▶ **EXERCISE DETAILS**:
As you reproduce every line below, keep it exactly as written and leave out the images.

Records from a data source:
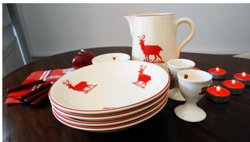
Collection « Montagne » et « Montée à l'Alpage » (ancienne collection) Faïenceries de Lunéville
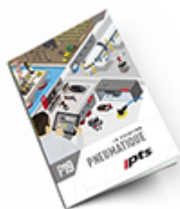
Pneumatique SAM 2019
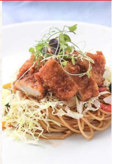
妻有ポークの ソースカツスパゲティ .....¥2,500
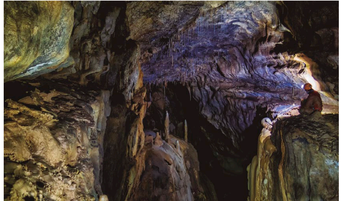
Kobako galeria nagusiaren ikuspegia.

In situ. Sarreratik hurbilen dauden galeriak izan ezik, ez da egokia bisitari-mota guztientzat. Gomen-dagarria da espeleologian nolabaiteko maila eta esperientzia izatea.
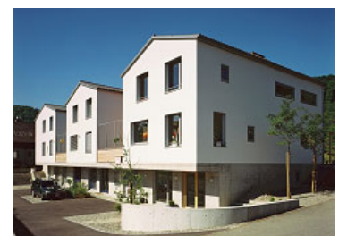
Neubau 3 EFH Moosackerweg Zunzgen
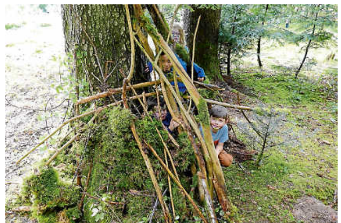
tolle Räuber-Verstecke wurden gebaut
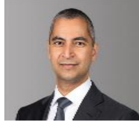
السيد خالد إبراهيم حميدان الرئيس التنفيذي لمجلس التنمية الاقتصادية
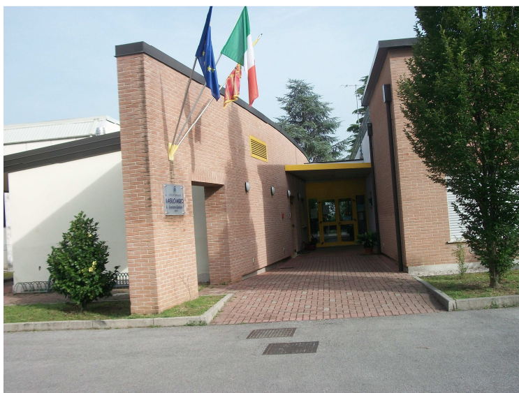
Asilo Nido "G. Zamboni"
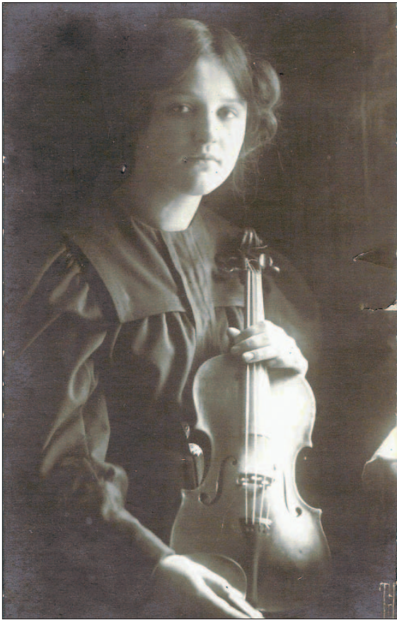
Stefi Geyer: ihr widmet Schoeck sein Violinkonzert

▶ **YOUR SOLUTION**:
Collection « Montagne » et « Montée à l'Alpage » (ancienne collection) Faïenceries de Lunéville
Pneumatique SAM 2019
妻有ポークの ソースカツスパゲティ .....¥2,500
Kobako galeria nagusiaren ikuspegia.

In situ. Sarreratik hurbilen dauden galeriak izan ezik, ez da egokia bisitari-mota guztientzat. Gomen-dagarria da espeleologian nolabaiteko maila eta esperientzia izatea.
Neubau 3 EFH Moosackerweg Zunzgen
tolle Räuber-Verstecke wurden gebaut
السيد خالد إبراهيم حميدان الرئيس التنفيذي لمجلس التنمية الاقتصادية
Asilo Nido "G. Zamboni"
Stefi Geyer: ihr widmet Schoeck sein Violinkonzert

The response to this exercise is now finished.